The upcoming CMPR-led regulatory model will not only enhance public health protection but also elevate Hong Kong’s position as a trusted medical device hub in the Asia-Pacific region. 

Frequently Asked Questions:

Is medical device listing currently mandatory in Hong Kong?

Not for all commercial activities—at least for now. While MDACS has historically operated as a voluntary system, the regulatory environment is evolving. With the introduction of the Department of Health’s Stage C procurement requirements, all applicable medical devices—namely Class II–IV general devices and Class B–D IVDs—must be formally listed under MDACS to be eligible for use in public healthcare settings.

How will the transition affect my current application?
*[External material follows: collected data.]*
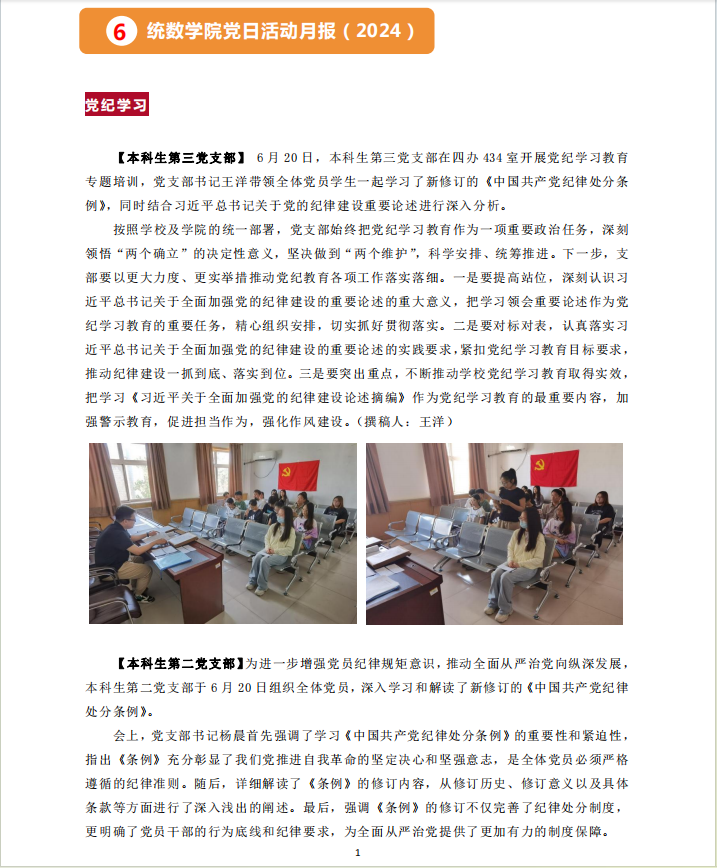 【本科生第三党支部】6月20日,本科生第三党支部在四办434室开展党纪学习教育专题培训,党支部书记王洋带领全体党员学生一起学习了新修订的《中国共产党纪律处分条例》,同时结合习近平总书记关于党的纪律建设重要论述进行深入分析。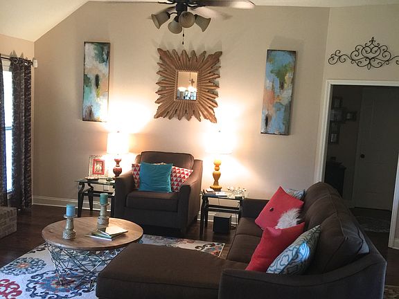 Nice home located in a quiet Cul-de-sac is now available to own. This 3 bedroom/2 bath home boasts over 1500 square feet. Spacious floorplan has heart of pine wood floors in the den, dining, and kitchen area. Living room has a beautiful gas fireplace with brick hearth and colonial style mantel. Kitchen has slab granite counter tops, lots of cabinet space, and stainless steel appliances. There is also a place to eat at the counter for two barstools. Eat in dining area has a beautiful French chandelier. Main bedroom is nice sized, large walk in closet, and En Suite bath. The En Suite bath has a jetted tub, separate shower and dual sinks. Nice sized guest bedrooms and closet space. Covered back porch area leads out to a large fenced in backyard. Perfect place to relax after working all day. Ashbrooke is a great neighborhood offering 2 community pools, splashpad, playground, and lake for fishing. This home lies in a USDA area. Call today for more information!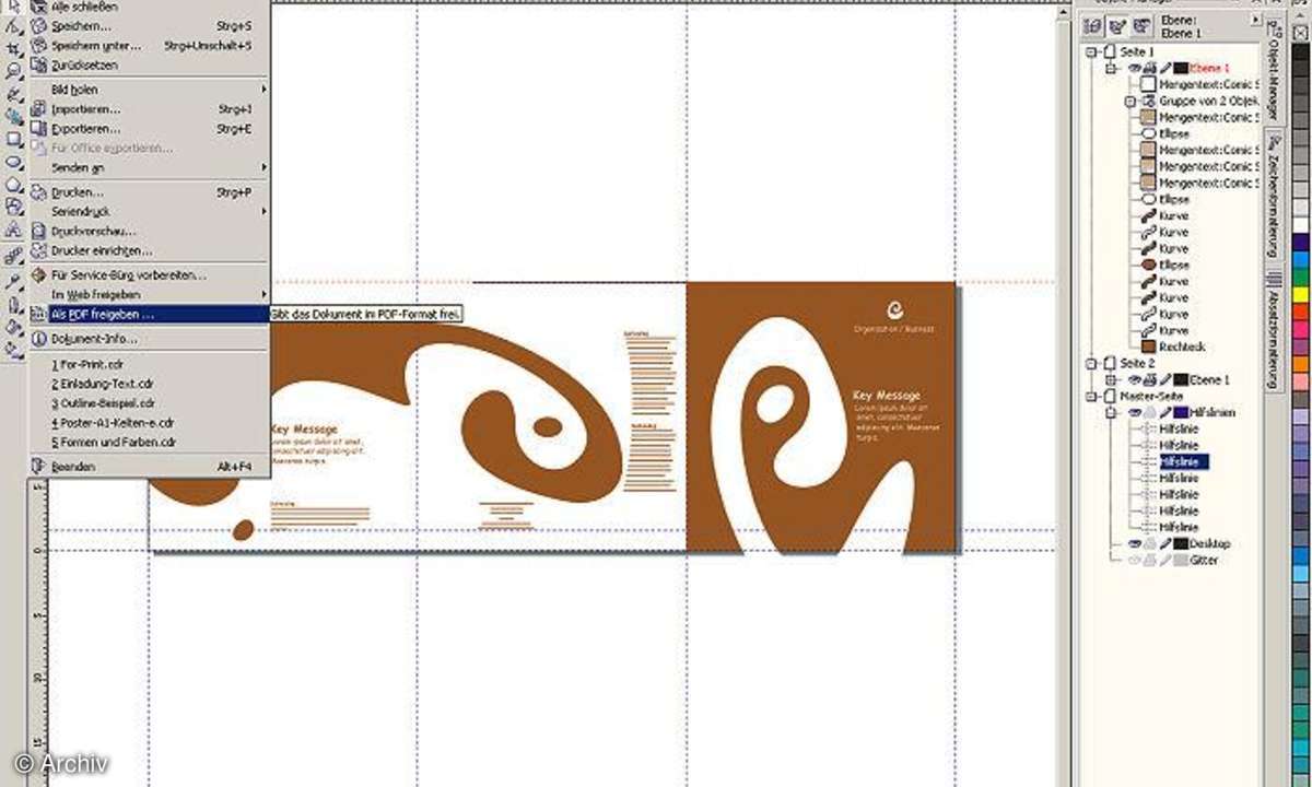Geben Sie Ihre Datei an eine Druckerei, sprechen Sie sich rechtzeitig vorher ab, da die Anforderungen variieren. Für die Druckdatei gehen Sie zu Datei/Als PDF freigeben in der Menüleiste. Ins Druckmenü gelangen Sie über einen Klick mit der rechten Maustaste auf den Button Einstlg.. Wählen Sie PDF-Stil/PDF für Druckvorstufe. Klicken Sie im Reiter Objekte auf Allen Text als Kurven exportieren. Klicken Sie auf den Reiter Druckvorstufe, hier auf Randanschnittgrenze und auf Schneidemarken. Gehen Sie zum Reiter Erweitert. Bestätigen Sie die Standardeinstellungen mit OK.
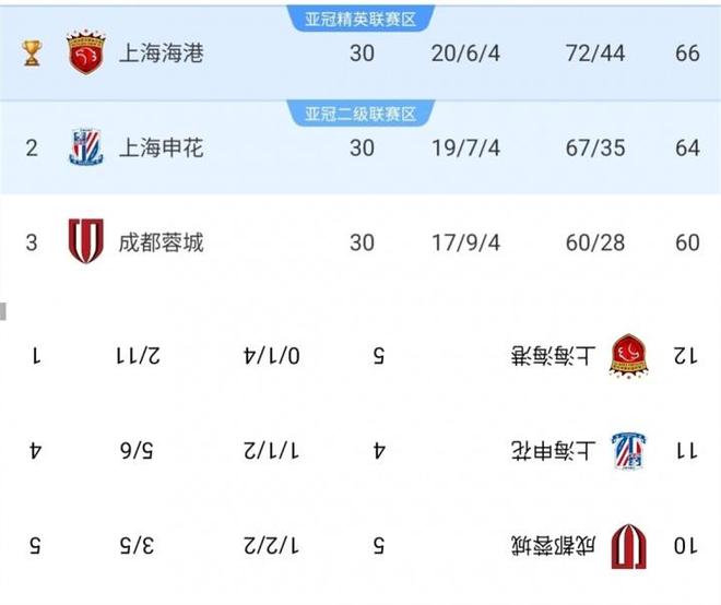 有人弄了一个中超和亚冠倒转榜(上图)。这一转就看出门道:中超是海港第一,申花第二,成都蓉城第三;到了亚冠这排名则倒转过来:成都蓉城5分第一,申花4分第二,海港1分排名第三。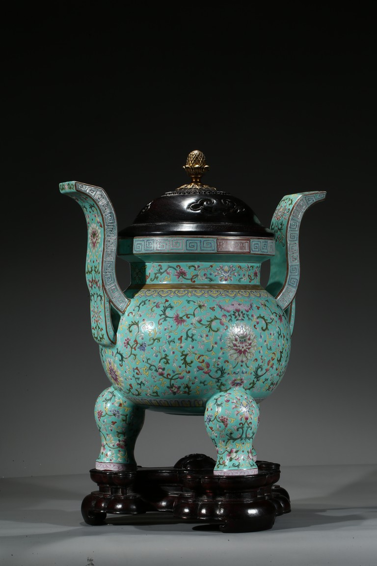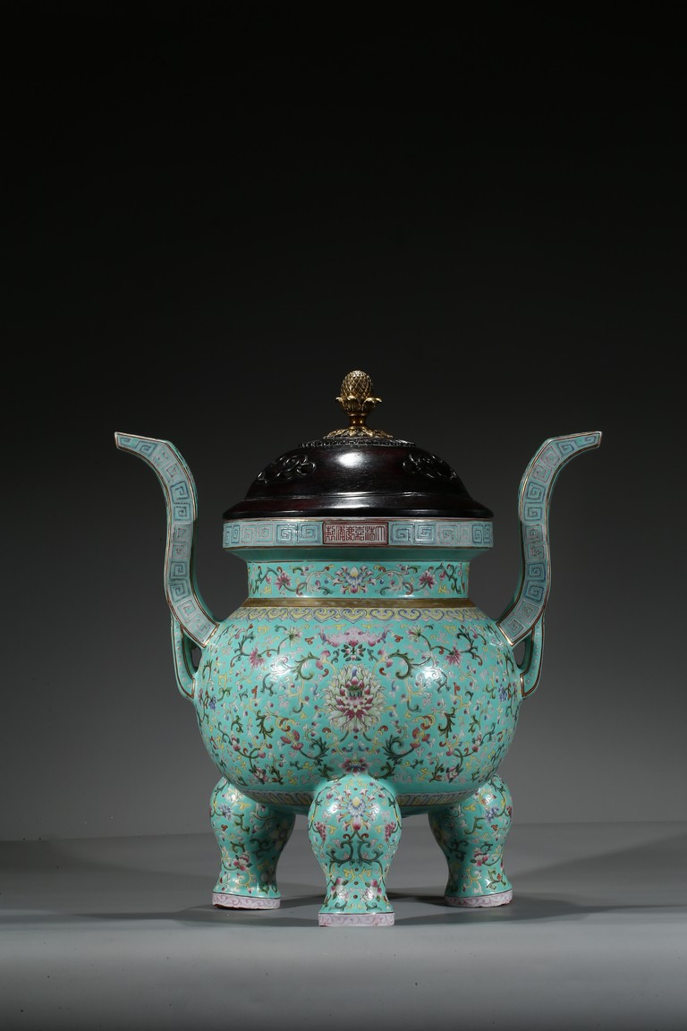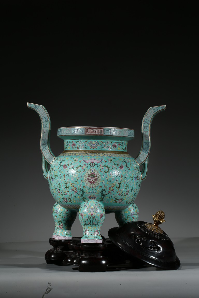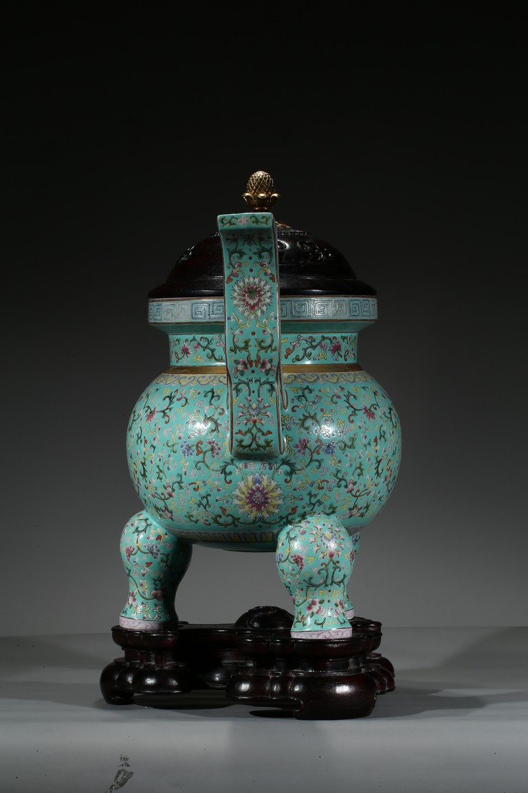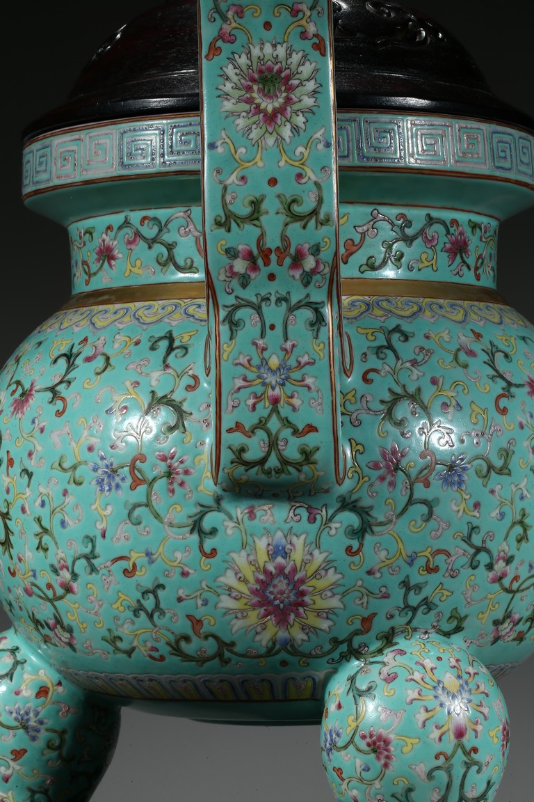 Provenance: Private San Diego collection, California 此爐取商周青銅器鼎之樣式,盤口束頸,鼓腹圜底,下承三蹄足,兩側飾衝天朝冠耳。胎質堅實,周身以鬆石綠地粉彩裝飾。口沿外繪迴紋,頸部繪纏枝花卉紋一週,外壁繪纏枝蓮紋及八寶紋,兩耳及三足繪纏枝花卉紋。佛教八寶為法螺、法輪、寶傘、白蓋、蓮花、寶瓶、金魚、盤腸八種吉祥物,常與蓮花合用於瓷器裝飾上,象徵吉祥如意。此類爐常作佛前五供,置於最中間,體量巨大,端莊雄壯,製作考究,且配木雕爐蓋及底座,十分難得。可參考一類似器型,售於倫敦佳士得,2011年11月,拍品號412。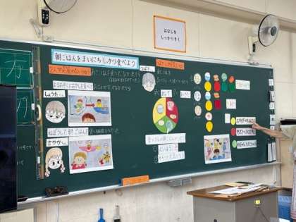 栄養3色そろったら金メダルの朝ごはん、2色なら銀メダル、1色なら銅メダルの朝ごはんと紙芝居では紹介しています。3色そろわなくても朝ごはんは食べてくることが大切です。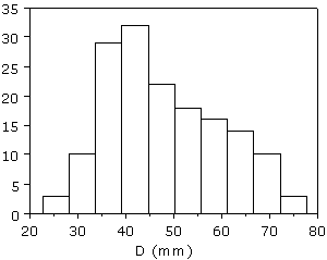 La légère dissymétrie (médiane = 42 mm) de l'histogramme
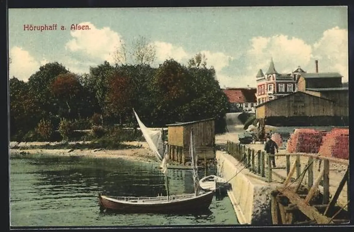 AK Höruphaff a. Alsen, Uferpartie mit Boot

Applications that have already been submitted are generally reviewed under the requirements in place at the time of submission. However, the MDD continues to update its forms and technical expectations. For new submissions, it is important to align with the latest requirements, particularly in areas such as software validation, artificial intelligence, and cybersecurity considerations.

Are there official government fees for MDACS listing?

There are currently no government application fees for MDACS submissions. That said, companies should anticipate indirect costs associated with the process—such as regulatory consulting, document translation, and Local Responsible Person (LRP) services. Depending on the complexity and classification of the device, these costs typically range from approximately $2,000 to $40,000.